Wollondilly Shire is a periurban local government area, located on the south west fringe of the Greater Sydney area in New South Wales, Australia, parts of which fall into the Macarthur, Blue Mountains and Central Tablelands regions in the state of New South Wales, Australia. Wollondilly is seen as the transition between Regional NSW and the Greater Sydney Region, and is variously categorised as part of both. Wollondilly Shire was created by proclamation in the NSW Government Gazette on 7 March 1906, following the passing of the Local Government (Shires) Act 1905, and amalgamated with the Municipality of Picton on 1 May 1940.

Wollondilly Shire is named after the Wollondilly River. The area is traversed by the Hume Highway and the Southern Highlands railway line. Wollondilly Shire contains several small towns and villages broken up by farms and sandstone gorges. To its west is wilderness and includes the Nattai Wilderness and the Burragorang Valley. The majority of the Shire is either national park or forms part of the water catchment for Sydney's water supply. The Shire provides 97% of Sydney's water supply.

The Mayor of Wollondilly Shire is Cr. Matt Gould, an independent politician.

Towns, villages and localities 
Towns, villages and localities in the Wollondilly Shire are:

Council history
Wollondilly Shire was constituted by proclamation in the NSW Government Gazette on 7 March 1906, following the passing of the Local Government (Shires) Act 1905 (Shire No. 122 of 134), and included a wide area bounded by the local government areas of Camden, Campbelltown and Picton and Nepean Shire. A temporary council of five members was appointed on 16 May 1906, which comprised: Richard Henry Antill of Jarvisfield, Picton, Thomas Donohue of Burragorang, George Frederick Litchfield of Yerranderie, George Macarthur-Onslow of Camden Park, Menangle, and John Simpson of Macquarie Dale, Appin. The council first met on 15 June 1906, electing Macarthur-Onslow as Chairman of the Temporary Council and C. A. Thompson as secretary and shire clerk. A. P. Minton, was later appointed Shire Clerk in June 1907.

The first elections for the council were held on 24 November 1906 for six councillors in three ridings of two councillors each: A Riding, B Riding and C Riding:

The final meeting of the Temporary Council and the first meeting of the elected Council was held on 3 December 1906 at The Oaks, at which the chairman of the Temporary Council, George Macarthur-Onslow was elected at the first Shire President of Wollondilly. However, on 11 January 1907, Macarthur-Onslow resigned as president, citing the distance between the shire offices and his home at Camden Park, and John E. Moore was elected Shire President in his place. On 13 February 1908, James O. Moore was elected as Shire President, and re-elected to a second term in February 1909. Following the resignation of James O. Moore in June 1909, Alfred Leonard Bennett was elected Shire President of the on 8 June 1909.

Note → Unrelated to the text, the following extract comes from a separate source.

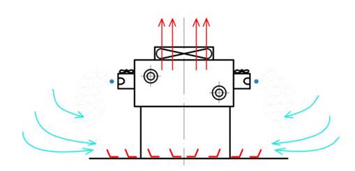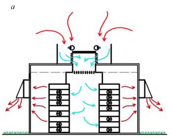 Осевые вентиляторы интенсификатора перемещают воздух с расходом около 10 % - 15 % расхода через конденсатор.
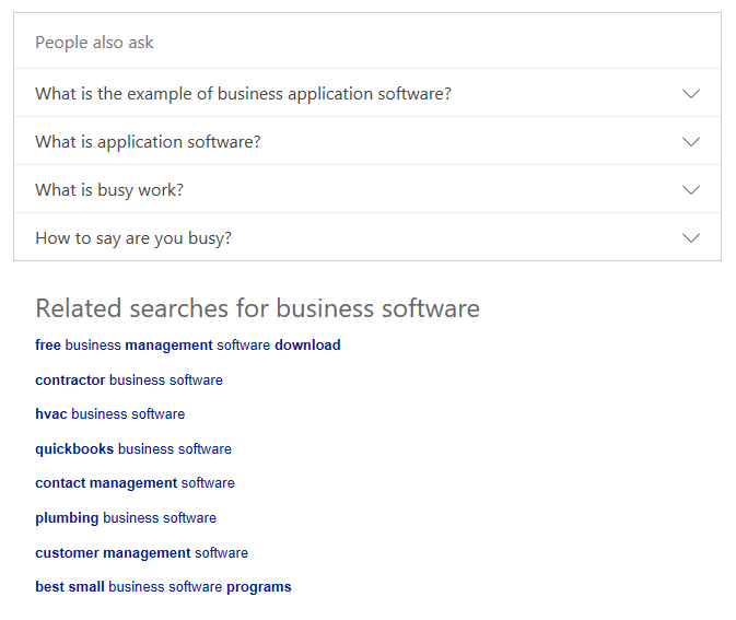 Bing and Google use “People also ask” and “Related Searches” effectively to provide closely-associated terms.

On 31 May 1911 part of the Blue Mountains Shire was transferred to the Wollondilly Shire and part of Wollondilly Shire was transferred to the Nepean Shire from 21 March 1940.

Amalgamation with Picton
When created in 1906, Wollondilly did not include the township of Picton, which had already been incorporated as the Borough of Picton on 15 March 1895. The Borough of Picton became the Municipality of Picton on 31 December 1906 with the passing of the Local Government Extension Act, 1906.

The Picton Municipal Council held a voluntary poll on 1 April 1939, at the request of residents, on the question of the union of the Picton Municipality and the Wollondilly Shire. The poll was resolved in the affirmative, with 197 for and 178 against. The proposal for a "Picton Shire" was subsequently gazetted on 25 August 1939 and on 20 November 1939 the Department of Works and Local Government held an inquiry in Picton on the various issues relating to amalgamation.

From 1 May 1940 the Municipality of Picton was amalgamated into Wollondilly Shire and the Shire Council was then expanded to consist of eight councillors representing four ridings. The first Provisional Council comprised: George John Adams and Edgar Henry Kirk Downes for A Riding; Eric Moore and Septimus Ernest Prosser for B Riding; James Thomas Carroll and Edward Wonson for C Riding' and John Bradburn Cartwright and Roy Carrington Pearce for D Riding. The council seat was subsequently moved from The Oaks to Picton.

Demographics
At the , there were 48,519 people in the Wollondilly local government area, with an equal proportion of males and females. Aboriginal and Torres Strait Islander people made up 2.4% of the population which is on par with the national average. The median age of people in the Wollondilly Shire was 36 years. Children aged 0–14 years made up 23.1% of the population and people aged 65 years and over made up 10.8% of the population. Of people in the area aged 15 years and over, 54.9% were married and 10.4% were either divorced or separated.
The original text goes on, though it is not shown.